This is inspired by the Horowitz Good Product Manager / Bad Product
Manager paper. Good engineers are not always good, and bad engineers
are not always bad. I believe in both the ability and necessity of
personal and professional growth. I apologize to Ben Horowitz and humbly
beg his forgiveness for my otherwise blatant plagiarism.
Good
engineers understand the product they’re building. A good engineer
researches, understands, and has a vested interest in data center
operations when they’re building systems for data center operations, and
high frequency trading and markets when they’re building systems for
high frequency trading and markets. Bad engineers are not interested in
the product and focus exclusively on the technology within the product. A
bad engineer only sees trees, no forest.
Good
engineers care about what customers want and need, and can quickly
separate the two. They understand that customers sometimes ask for a
faster horse, and in doing so help them figure out that a car needs to
exist. Good engineers understand that the right product comes from a mix
of deep internal domain experience and innovation, as well as iterative
improvement and feedback from users. Bad engineers think customers are
stupid and that users “just don’t get it.” Equally, bad engineers also
always build whatever feature is asked of them without understanding why
they’re doing so.
Good engineers care about
the business. They know that without sales, there would be no money;
without marketing, no one would know who they are or why people should
care; without finance, they’d burn through all their money or go to jail
for not paying payroll taxes; without administrative staff, the company
would descend into chaos. Bad engineers believe that if they don’t
understand what someone does then that person is not important; they
fail to see that many don’t understand what engineers do nor how
building software actually works.
Good
engineers understand the real world and can operate within reasonable
constraints. For example, customers do not upgrade software as soon as
it’s released, companies have good reasons to run older versions of
operating systems or databases and that not everyone has root access.

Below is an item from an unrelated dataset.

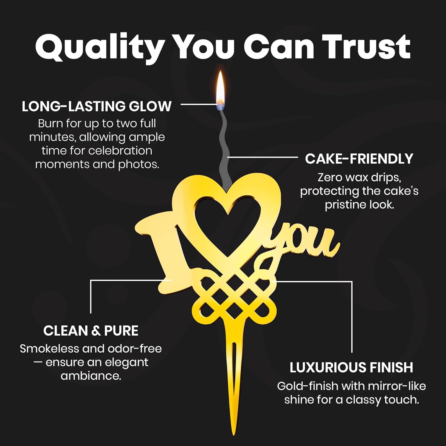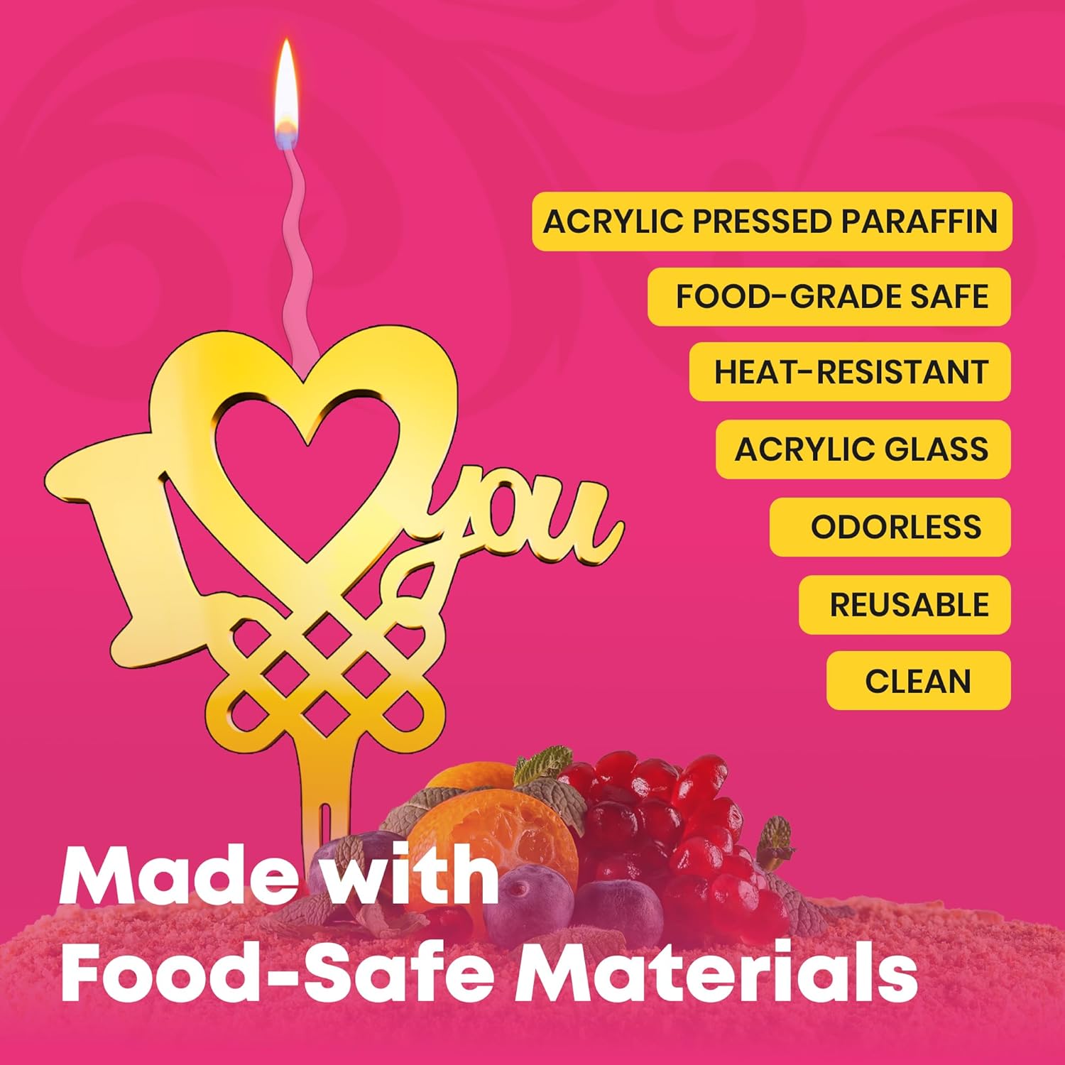 I Love You Reusable Gold Romantic Cake Candle - Luxury Cake Topper Candle for Birthdays, Weddings & Anniversaries - Reusable Food Safe Acrylic, Shiny Mirror Finish - Happy Birthday Cake Topper Decor

Bad engineers see no value in backward compatibility. Bad engineers tell
customers or support staff to upgrade the OS’s included python
interpreter with a rpm out of EPEL because, honestly, 2.6 is ancient!
Good engineers understand that quality, timing, performance, features,
and maintainability are all important and make tradeoffs where necessary
and appropriate. Good engineers anticipate and understand the logistics
of deploying production software. Bad engineers can’t figure out why we
don’t just rewrite the entire codebase in a new language today. Bad
engineers are inflexible and intolerant of less than ideal
circumstances.
Good engineers participate in
positive, constructive debate over critical topics, and know when to let
an argument go. Good engineers know how to disagree and commit, and
help others do the same. Good engineers aren’t afraid of their own
failures, and do not hold the failures of others against them. Bad
engineers fight to death over tabs versus spaces, shave every yak, and
paint every bike shed, sometimes more than once. Bad engineers point out
every time they were right.
Good engineers can
communicate complex ideas at the appropriate level for the audience.
Bad engineers often cannot communicate at all.
Good
engineers are good humans. They fundamentally understand that everyone
usually has good intentions. Good engineers believe in collaboration
over competition as a default mode and aim to hold everyone to a high
bar. Good engineers know that good engineers come in many different
forms. Bad engineers believe all other engineers went to the same school
they did, have the same experience, or are the same gender, color, or
sexual orientation as themselves.
Good engineers beget good engineers. Bad engineers believe there are no other good engineers.